--- INFORMATION GIVEN Enclosed Below ---

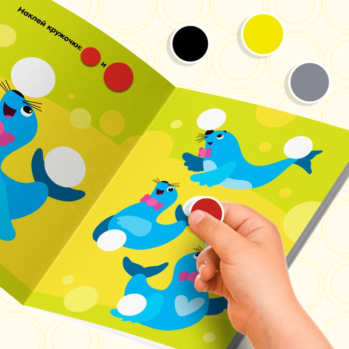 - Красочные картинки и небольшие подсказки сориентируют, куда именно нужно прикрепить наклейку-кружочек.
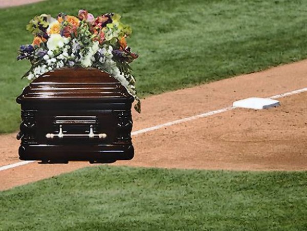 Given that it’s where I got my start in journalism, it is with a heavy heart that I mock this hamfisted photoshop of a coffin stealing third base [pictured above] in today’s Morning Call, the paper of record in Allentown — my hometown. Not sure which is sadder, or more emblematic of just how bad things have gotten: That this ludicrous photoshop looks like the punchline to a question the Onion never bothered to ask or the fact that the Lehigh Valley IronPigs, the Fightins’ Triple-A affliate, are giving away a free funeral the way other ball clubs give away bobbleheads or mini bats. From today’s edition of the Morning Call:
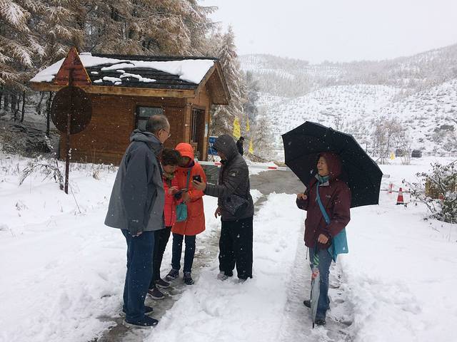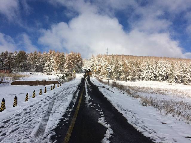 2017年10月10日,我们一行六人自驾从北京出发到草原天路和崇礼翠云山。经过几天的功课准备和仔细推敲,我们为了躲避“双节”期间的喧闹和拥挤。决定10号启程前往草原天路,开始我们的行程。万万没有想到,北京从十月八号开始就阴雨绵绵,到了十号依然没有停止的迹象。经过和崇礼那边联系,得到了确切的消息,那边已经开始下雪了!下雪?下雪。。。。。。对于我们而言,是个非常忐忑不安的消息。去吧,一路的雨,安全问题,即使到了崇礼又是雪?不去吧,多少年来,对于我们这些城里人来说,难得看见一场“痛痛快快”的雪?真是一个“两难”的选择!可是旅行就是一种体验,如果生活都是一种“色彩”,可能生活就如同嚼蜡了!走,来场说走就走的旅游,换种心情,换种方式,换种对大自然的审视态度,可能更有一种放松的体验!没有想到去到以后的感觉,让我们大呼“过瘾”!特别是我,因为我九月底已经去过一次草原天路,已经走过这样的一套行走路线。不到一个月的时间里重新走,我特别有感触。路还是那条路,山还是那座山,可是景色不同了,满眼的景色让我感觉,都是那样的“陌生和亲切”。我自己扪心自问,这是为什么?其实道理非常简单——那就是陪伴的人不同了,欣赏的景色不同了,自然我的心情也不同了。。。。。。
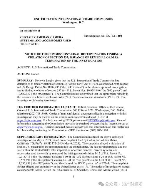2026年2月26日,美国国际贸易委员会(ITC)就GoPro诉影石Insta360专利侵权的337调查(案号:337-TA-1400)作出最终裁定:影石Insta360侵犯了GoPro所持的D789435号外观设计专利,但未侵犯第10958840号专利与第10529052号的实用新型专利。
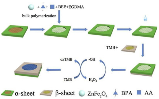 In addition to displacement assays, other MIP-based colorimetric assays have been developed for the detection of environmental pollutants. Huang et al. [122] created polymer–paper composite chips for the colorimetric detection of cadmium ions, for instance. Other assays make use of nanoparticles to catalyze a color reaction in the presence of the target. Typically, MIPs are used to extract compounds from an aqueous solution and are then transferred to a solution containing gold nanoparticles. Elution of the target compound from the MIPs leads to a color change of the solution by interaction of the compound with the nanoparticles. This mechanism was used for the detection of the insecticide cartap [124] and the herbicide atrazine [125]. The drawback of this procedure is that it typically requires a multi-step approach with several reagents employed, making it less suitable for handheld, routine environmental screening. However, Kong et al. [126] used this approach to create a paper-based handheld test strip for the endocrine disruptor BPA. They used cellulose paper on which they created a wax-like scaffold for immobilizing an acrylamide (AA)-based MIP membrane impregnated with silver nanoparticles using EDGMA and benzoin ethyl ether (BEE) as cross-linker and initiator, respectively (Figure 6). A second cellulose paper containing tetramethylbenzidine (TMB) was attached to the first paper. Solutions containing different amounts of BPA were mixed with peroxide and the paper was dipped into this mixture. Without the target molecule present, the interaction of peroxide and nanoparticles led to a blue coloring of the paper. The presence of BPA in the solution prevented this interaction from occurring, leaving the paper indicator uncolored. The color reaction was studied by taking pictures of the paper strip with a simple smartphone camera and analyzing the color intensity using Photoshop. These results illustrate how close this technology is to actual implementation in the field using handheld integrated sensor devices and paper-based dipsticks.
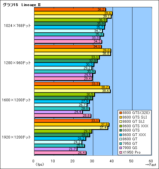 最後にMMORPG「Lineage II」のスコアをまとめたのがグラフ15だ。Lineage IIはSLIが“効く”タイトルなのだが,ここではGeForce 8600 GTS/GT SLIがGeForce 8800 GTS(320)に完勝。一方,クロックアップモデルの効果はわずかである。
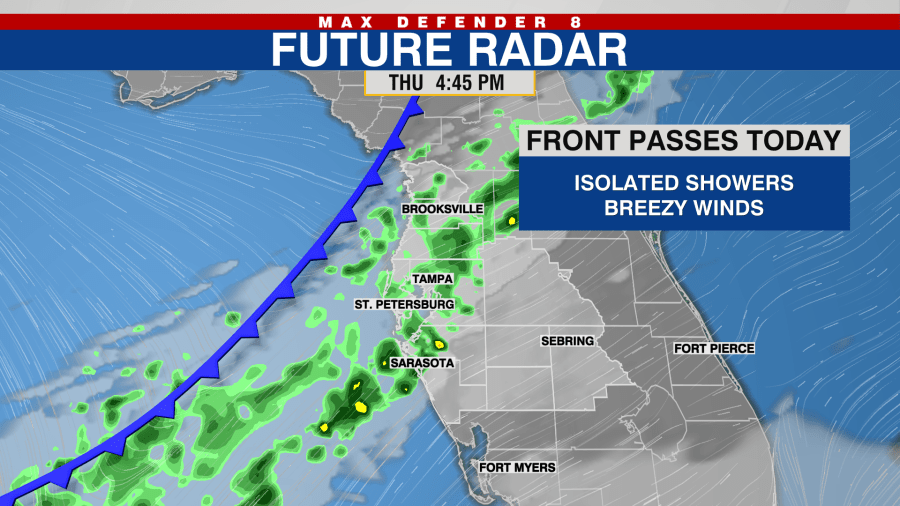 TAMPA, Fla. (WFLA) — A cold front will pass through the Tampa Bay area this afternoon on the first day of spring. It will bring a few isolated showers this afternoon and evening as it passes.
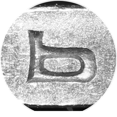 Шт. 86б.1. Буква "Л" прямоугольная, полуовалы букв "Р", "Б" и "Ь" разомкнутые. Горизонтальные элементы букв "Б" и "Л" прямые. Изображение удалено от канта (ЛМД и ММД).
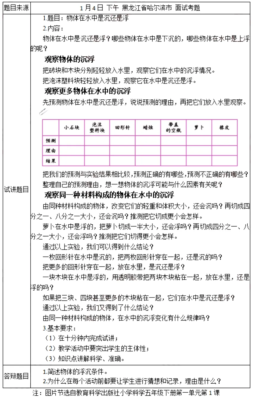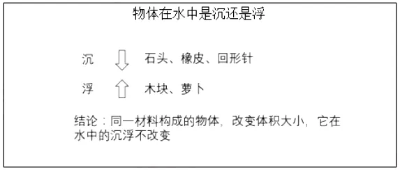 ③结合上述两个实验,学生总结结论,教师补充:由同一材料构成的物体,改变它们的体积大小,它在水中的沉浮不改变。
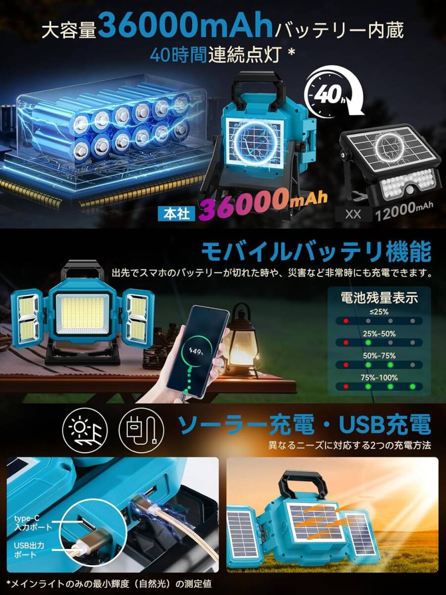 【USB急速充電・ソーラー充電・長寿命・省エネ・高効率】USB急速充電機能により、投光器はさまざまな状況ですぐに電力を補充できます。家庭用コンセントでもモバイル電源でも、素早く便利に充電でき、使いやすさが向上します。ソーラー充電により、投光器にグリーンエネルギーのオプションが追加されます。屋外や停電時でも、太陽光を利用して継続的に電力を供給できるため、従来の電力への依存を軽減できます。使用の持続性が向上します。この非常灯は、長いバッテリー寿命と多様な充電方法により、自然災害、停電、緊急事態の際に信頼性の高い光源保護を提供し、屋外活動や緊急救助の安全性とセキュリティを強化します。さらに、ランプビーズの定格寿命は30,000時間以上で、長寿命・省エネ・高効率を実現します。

--- End of Enclosed INFORMATION GIVEN ---
--- INFORMATION GIVEN Enclosed Below ---

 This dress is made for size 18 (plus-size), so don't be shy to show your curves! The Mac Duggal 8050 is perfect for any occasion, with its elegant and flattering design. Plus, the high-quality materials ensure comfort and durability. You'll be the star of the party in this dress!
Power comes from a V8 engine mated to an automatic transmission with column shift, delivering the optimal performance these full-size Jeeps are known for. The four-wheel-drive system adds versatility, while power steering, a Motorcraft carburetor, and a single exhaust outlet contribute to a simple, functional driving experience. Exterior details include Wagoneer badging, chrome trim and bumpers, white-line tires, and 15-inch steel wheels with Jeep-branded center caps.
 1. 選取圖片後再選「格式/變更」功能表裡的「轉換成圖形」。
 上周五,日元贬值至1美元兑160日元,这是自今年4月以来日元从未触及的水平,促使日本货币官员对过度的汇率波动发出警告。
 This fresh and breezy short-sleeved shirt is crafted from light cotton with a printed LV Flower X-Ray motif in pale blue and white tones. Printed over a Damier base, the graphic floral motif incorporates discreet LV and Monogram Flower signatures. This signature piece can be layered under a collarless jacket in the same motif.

--- End of Enclosed INFORMATION GIVEN ---
--- INFORMATION GIVEN Enclosed Below ---

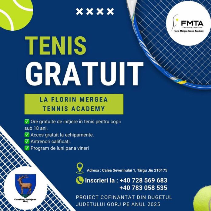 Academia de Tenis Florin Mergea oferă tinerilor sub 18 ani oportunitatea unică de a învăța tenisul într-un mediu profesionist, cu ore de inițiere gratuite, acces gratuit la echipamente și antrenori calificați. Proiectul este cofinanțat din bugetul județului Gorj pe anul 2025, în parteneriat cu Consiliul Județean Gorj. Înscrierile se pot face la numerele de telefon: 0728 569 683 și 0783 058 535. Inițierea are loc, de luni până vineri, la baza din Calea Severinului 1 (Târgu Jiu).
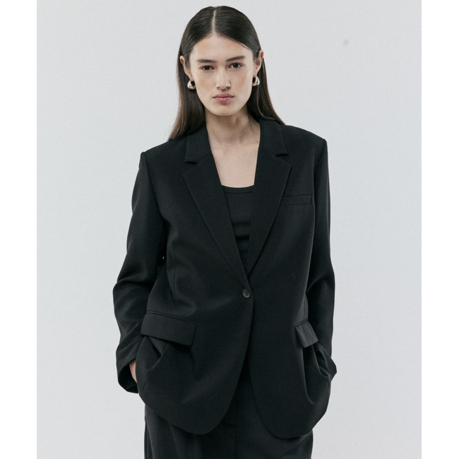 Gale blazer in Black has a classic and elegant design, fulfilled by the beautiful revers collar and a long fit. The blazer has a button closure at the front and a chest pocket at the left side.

--- End of Enclosed INFORMATION GIVEN ---

→ **AIM OF THE TASK**
Starting with the line that contains "2017年10月10日,我们" and finishing with the line that contains "2026年2月26日,美国国", reproduce every line of the material above exactly, but not the pictures.

→ **RESPONSE AREA**
 2017年10月10日,我们一行六人自驾从北京出发到草原天路和崇礼翠云山。经过几天的功课准备和仔细推敲,我们为了躲避“双节”期间的喧闹和拥挤。决定10号启程前往草原天路,开始我们的行程。万万没有想到,北京从十月八号开始就阴雨绵绵,到了十号依然没有停止的迹象。经过和崇礼那边联系,得到了确切的消息,那边已经开始下雪了!下雪?下雪。。。。。。对于我们而言,是个非常忐忑不安的消息。去吧,一路的雨,安全问题,即使到了崇礼又是雪?不去吧,多少年来,对于我们这些城里人来说,难得看见一场“痛痛快快”的雪?真是一个“两难”的选择!可是旅行就是一种体验,如果生活都是一种“色彩”,可能生活就如同嚼蜡了!走,来场说走就走的旅游,换种心情,换种方式,换种对大自然的审视态度,可能更有一种放松的体验!没有想到去到以后的感觉,让我们大呼“过瘾”!特别是我,因为我九月底已经去过一次草原天路,已经走过这样的一套行走路线。不到一个月的时间里重新走,我特别有感触。路还是那条路,山还是那座山,可是景色不同了,满眼的景色让我感觉,都是那样的“陌生和亲切”。我自己扪心自问,这是为什么?其实道理非常简单——那就是陪伴的人不同了,欣赏的景色不同了,自然我的心情也不同了。。。。。。
2026年2月26日,美国国际贸易委员会(ITC)就GoPro诉影石Insta360专利侵权的337调查(案号:337-TA-1400)作出最终裁定:影石Insta360侵犯了GoPro所持的D789435号外观设计专利,但未侵犯第10958840号专利与第10529052号的实用新型专利。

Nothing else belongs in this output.